→ **Instructions to follow**
Find the line below with "1、在隐私政策弹窗中,点击同意,进入APP主页面。" and the line with "Dây cáp điện". Output them and the lines between, exactly, but not the pictures.

===============

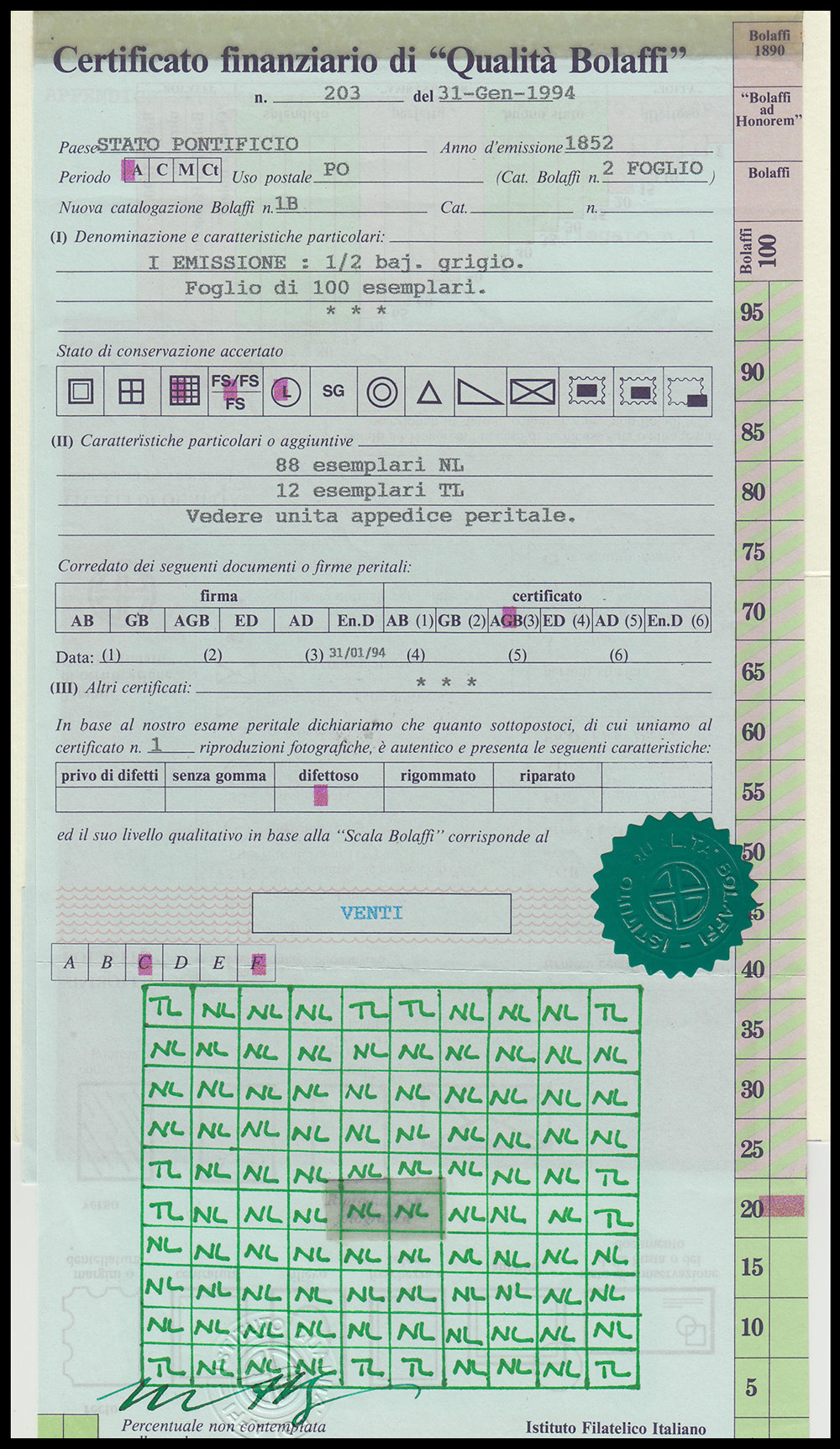 Lotto 335 | STATO PONTIFICIO 1852/1968Lotto composto dai fogli completi di 120 esemplari...
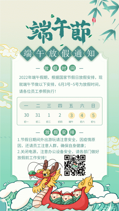根據(jù)《國務(wù)院辦公廳關(guān)于2022年部分節(jié)假日安排的通知》精神,2022年端午節(jié)放假具體安排為:6月3日(星期五)至6月5日(星期日)放假,共3天。節(jié)假日期間,各部門要妥善安排好值班和安全、保衛(wèi)等工作,遇有突發(fā)事件發(fā)生,要按規(guī)定及時報告并妥善處置。放假期間請各位員工出行注意安全,做好安全防范措施。 祝大家端午節(jié)快樂!
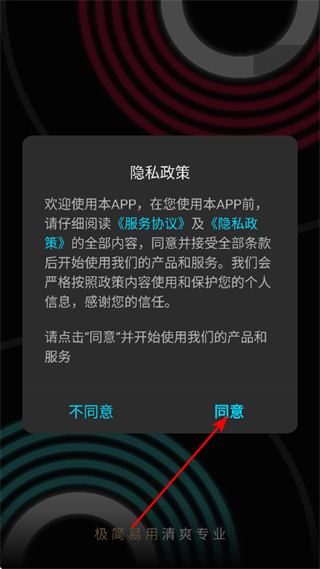 1、在隐私政策弹窗中,点击同意,进入APP主页面。
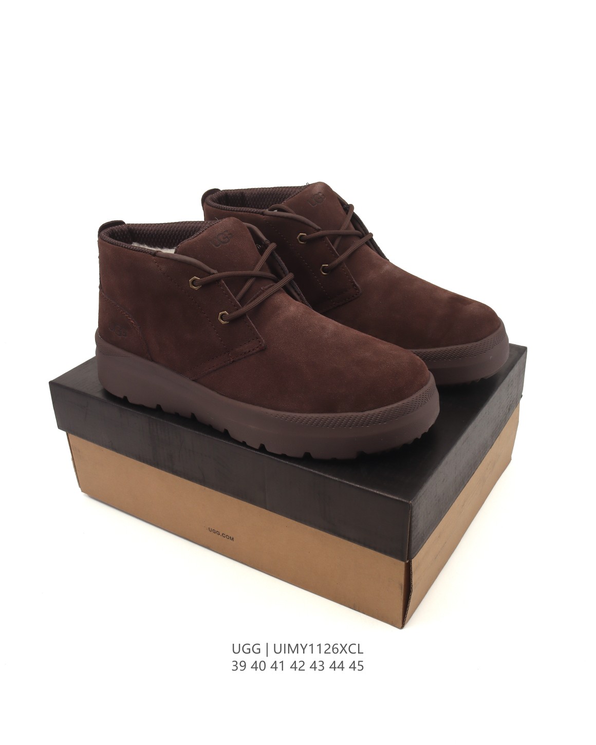 【公司级】UGG/雪地靴 男鞋广东原产,采用TPU模压鞋面内嵌羚羊棕羊毛,鞋面具有防水功能,选用7毫米UGGPURE 植入式羊毛里衬与可拆卸的UGGPURE 植入式羊毛鞋垫,Treadlite轻翼科技外底-优质的防滑,耐磨性,和良好的弹性秋冬季新品周冬雨代言款,美国轻奢品牌UGG 系列中筒加绒休闲百搭短靴。 类型:男鞋 码数:39-45 编码:UIMY1126XCL
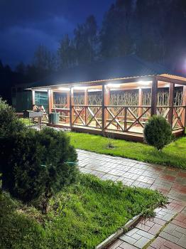 беседка для тренингов на Алтае и корпоративов на 25 человек с холодильником и розетками;
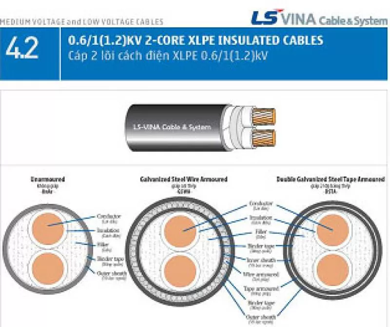 Dây cáp điện 2 lõi cách điện XLPE 0,6/1KV LS vina
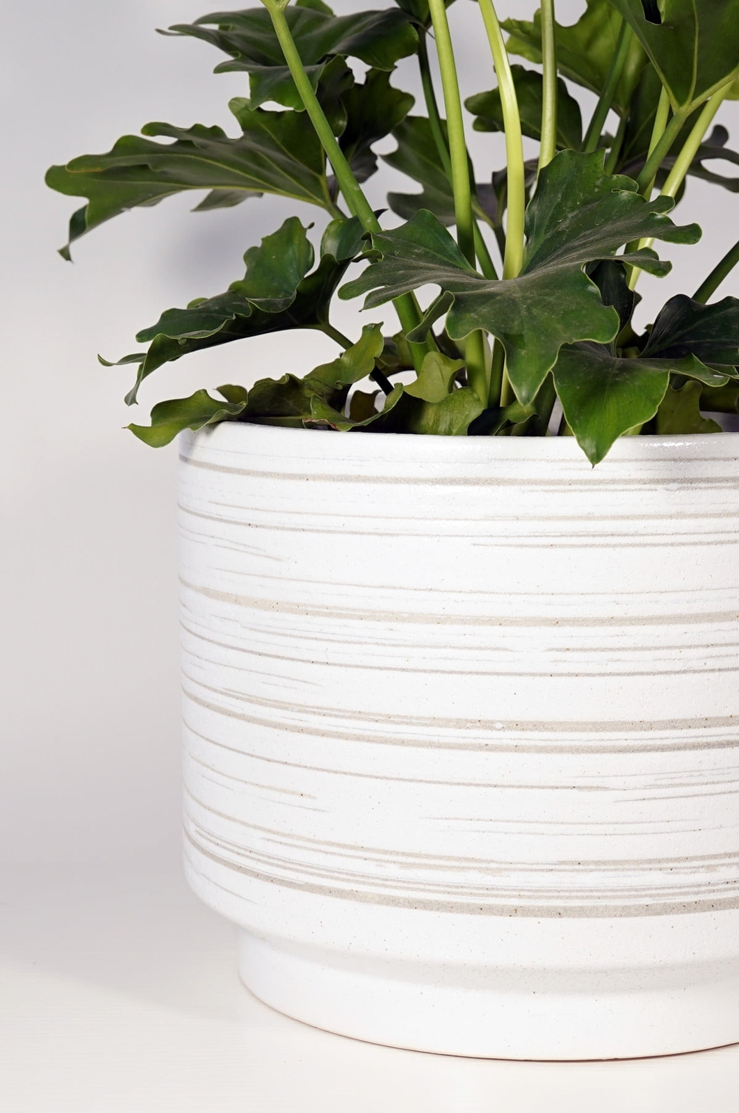 Features Weather-Resistant, Drainage Holes Color White Size 6" Shape Round Assembled Product Weight 2.2 lb Material Ceramic Recommended Use Patio Assembled Product Dimensions (L x W x H) 6.00 x 6.00 x 5.40 Inches The Better Homes & Gardens 6" White Teramo Ceramic Pot is bathed in a mod combination of weather wash and bubbles. Multiple stripes of glazing have an artistic, one-of-a-kind feel. Perfect for indoor or outdoor use, the pot includes a convenient plug so you can nurture plants without water seeping out and ruining surfaces. Better Homes & Gardens 6" Teramo Round Ceramic Planter, White Round planter with a hole at the bottom with a removable plug Ceramic is highlighted with a stunning glazed white finish Weather-resistant design for use indoors or out Put indoors in your kitchen, sun room, or next to a sunny window Put outdoors on your deck, porch, balcony, terrace, and patio Perfect for displaying Herbs, small flowering plants, succulents, and more Add a plant and share as a housewarming, hostess, or birthday gift Capacity: Holds plants up to 1-1.5 qt. Product dimensions: 6" Dia. x 5.4" H Product weight: 2.2 lbs. Color: White Product material: Ceramic Imported Better Homes & Gardens Pottery Bubble glaze finish Perfect for succulents, flowers, and other houseplants Ideal size for windowsills, desks, countertops, and other indoor surfaces Includes drainage plug for easy watering Dimensions: 6”D x 5.4”H Capacity: Holds plants up to 1.25QT Product Weight:2.2lbs Color: White Material: Ceramic
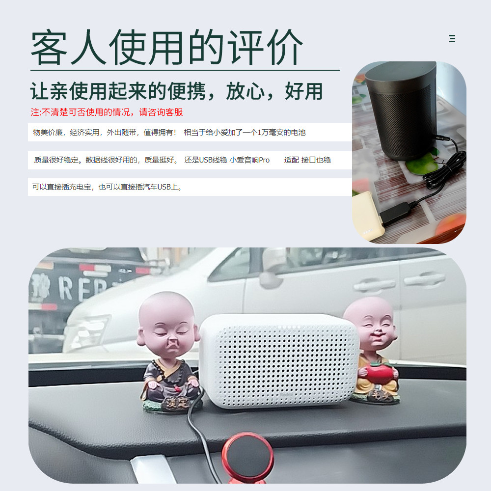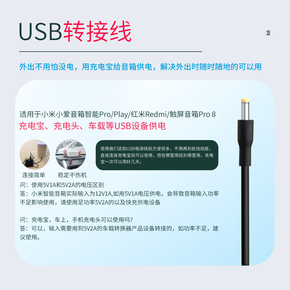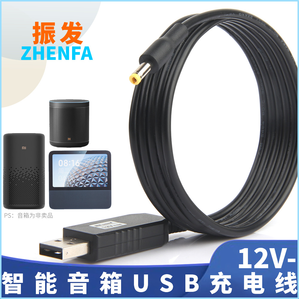 淘宝振发 适用于 小米Redmi小爱音箱智能音响Pro电源线充电宝车载USB转接线play版/触屏8/Art电源适配器USB线12V
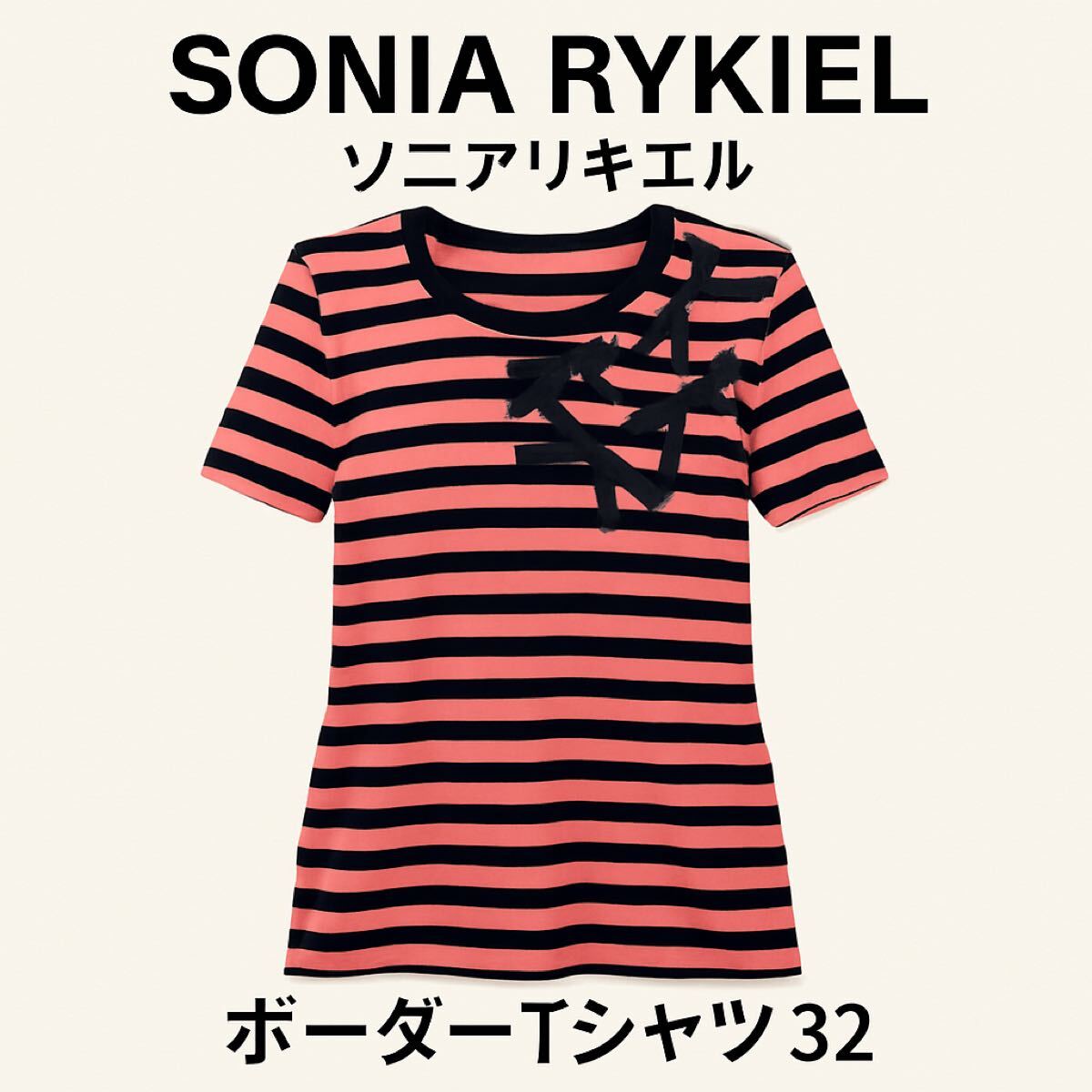 - ソニアリキエル SONIA RYKIEL ボーダー 半袖Tシャツ XS〜S相当 ピンク×黒 リボン柄
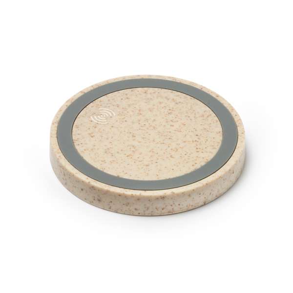 Base di ricarica wireless in fibra di grano, con potenza di 5W. Compatibile con i dispositivi dotati di tecnologia di ricarica wireless. Include cavo micro USB.
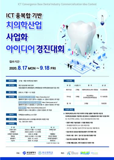 부산시(시장 권한대행 변성완)는 10월 14일 부산테크노파크에서 열리는 「2020년 ICT 융복합 기반 치의학 산업 아이디어 경진대회」에 참가할 개인 및 팀(5명 이내) 단위 참가팀(10개)을 9월 18일까지 모집한다고 밝혔다.

===============

→ **Answer area**
 1、在隐私政策弹窗中,点击同意,进入APP主页面。
 【公司级】UGG/雪地靴 男鞋广东原产,采用TPU模压鞋面内嵌羚羊棕羊毛,鞋面具有防水功能,选用7毫米UGGPURE 植入式羊毛里衬与可拆卸的UGGPURE 植入式羊毛鞋垫,Treadlite轻翼科技外底-优质的防滑,耐磨性,和良好的弹性秋冬季新品周冬雨代言款,美国轻奢品牌UGG 系列中筒加绒休闲百搭短靴。 类型:男鞋 码数:39-45 编码:UIMY1126XCL
 беседка для тренингов на Алтае и корпоративов на 25 человек с холодильником и розетками;
 Dây cáp điện 2 lõi cách điện XLPE 0,6/1KV LS vina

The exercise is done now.